A recent decision has been handed down which clarifies the harsh position that was previously in place in respect of landlord compliance with regulation 36(6)(b) of the Gas Safety (Installation and Use) Regulations 1998 (Gas Safety Regulations), which requires landlords to provide a copy of the latest gas safety certificate to an incoming tenant before that tenant occupies the premises. A breach of this regulation has in the past precluded landlords from serving a section 21 notice pursuant to section 21A Housing Act 1988 (HA 1988), meaning that landlords potentially faced the untenable position of being able to recover possession of their rental properties in the absence of a breach of the tenancy on the part of the tenant.
The Court’s approach towards the gas certificate regulations mentioned above have been very strict in the past as a result of the case of Caridon Property Ltd v Shooltz  EW Misc B9, in which the requirement to supply a gas safety certificate prior to the tenant occupying the premises was described as a “once-and-for-all-obligation”, in the sense that a breach of this regulation could not be cured retrospectively and providing the relevant gas certificate at a later date would not remedy the breach.
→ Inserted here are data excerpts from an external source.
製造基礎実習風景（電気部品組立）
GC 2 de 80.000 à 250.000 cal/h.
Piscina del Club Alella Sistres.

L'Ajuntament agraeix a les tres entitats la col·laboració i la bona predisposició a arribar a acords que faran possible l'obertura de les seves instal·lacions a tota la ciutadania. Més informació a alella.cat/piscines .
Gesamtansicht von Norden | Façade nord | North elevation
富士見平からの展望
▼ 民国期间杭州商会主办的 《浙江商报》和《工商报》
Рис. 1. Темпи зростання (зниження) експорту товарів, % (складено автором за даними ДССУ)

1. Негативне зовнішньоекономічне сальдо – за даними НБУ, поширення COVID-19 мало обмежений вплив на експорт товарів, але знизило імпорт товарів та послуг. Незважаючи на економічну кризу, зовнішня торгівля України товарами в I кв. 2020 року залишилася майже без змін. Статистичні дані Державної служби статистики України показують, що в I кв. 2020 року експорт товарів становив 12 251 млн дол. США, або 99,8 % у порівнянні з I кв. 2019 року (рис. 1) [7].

The effect of this was that landlords, who had failed to provide a gas certificate prior to a tenant moving in, were prohibited from serving a valid section 21 notice in relation to that tenancy and therefore had to pursue fault-based grounds for possession pursuant to Schedule 2 of the HA 1988 and serve a section 8 notice, such as in respect of rent arrears, which was not always appropriate or applicable.
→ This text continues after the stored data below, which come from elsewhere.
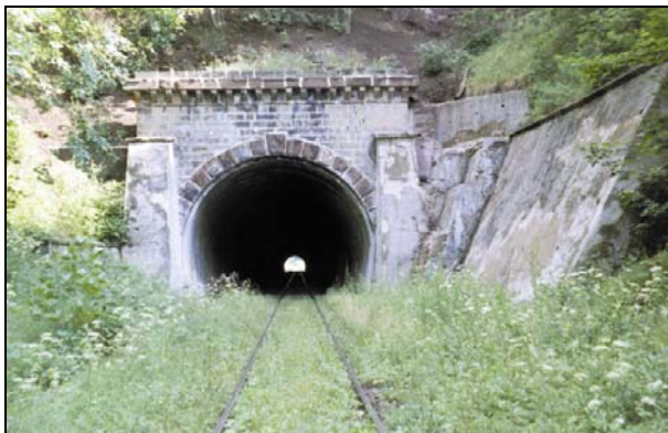
Rys. 6. Tunel w Unisławiu Śląskim. Portal od strony Unisławia Śląskiego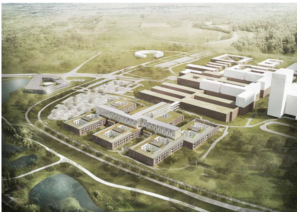
Det kommende Nyt Psykiatrisk Center, AUH, Skejby. Luftperspektiv, set fra sydvest.

Centeret realiseres som et OPP-projekt af Team KPC i et konsortium bestående af KPC Herning A/S, Pensionskassernes Administration (PKA), Lærernes Pension Ejendomsselskab (Lærernes Pension) samt følgende underrådgivere: Arkitema K/S, Grontmij A/S og Wicotec Kirkebjerg. Parterne skal sammen bygge det center, der i 2019 skal erstatte det gamle psykiatriske hospital i Risskov.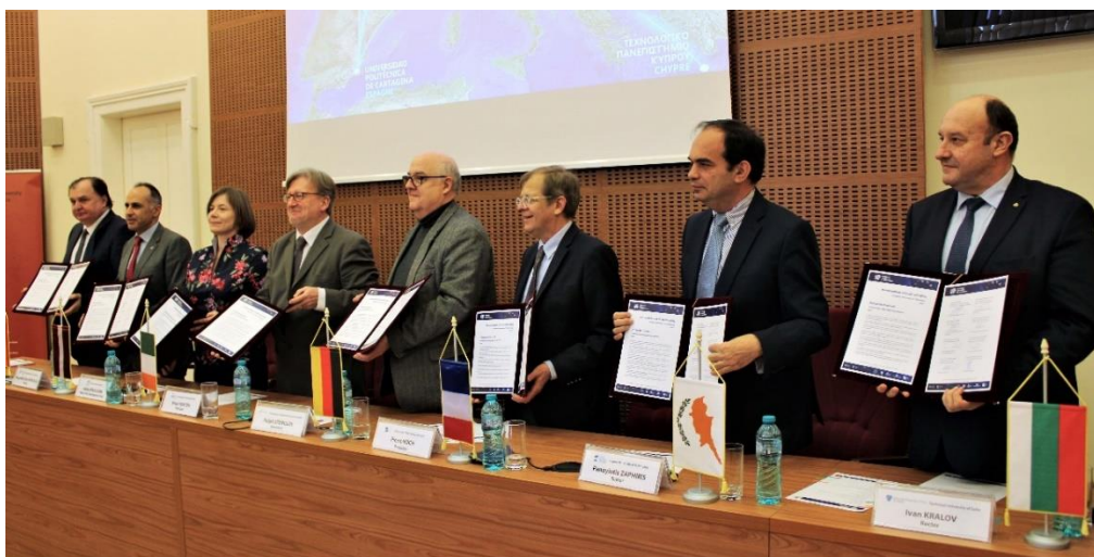
Les présidents et recteurs des huit universités de l'Alliance portant le Memorandum of Understanding

L'Université de technologie de Troyes (UTT) coordonne cette initiative d' Université de technologie européenne, EUt+ avec une ambition renforcée : créer à terme une institution, basée sur un modèle original, permettant à chacun de développer son potentiel à travers l'Europe. Avec ce projet, les partenaires s'engagent à créer un avenir durable pour les étudiants et apprenants des pays européens, les collaborateurs de chaque établissement et pour les territoires qui accueillent chaque campus.

On the 18 June 2020, the former position was overruled in the case of Trecarrell House Ltd v Rouncefield  EWCA Civ 760. It was held that as long as a valid gas safety certificate has been provided to an existing tenant before a section 21 notice is served, i.e. one that was in place at the time that the incoming tenant took occupation of the property, then the landlord retained his right to use the eviction procedure under section 21 HA 1988, notwithstanding the earlier breach of section 36(6) of the Gas Safety Regulations.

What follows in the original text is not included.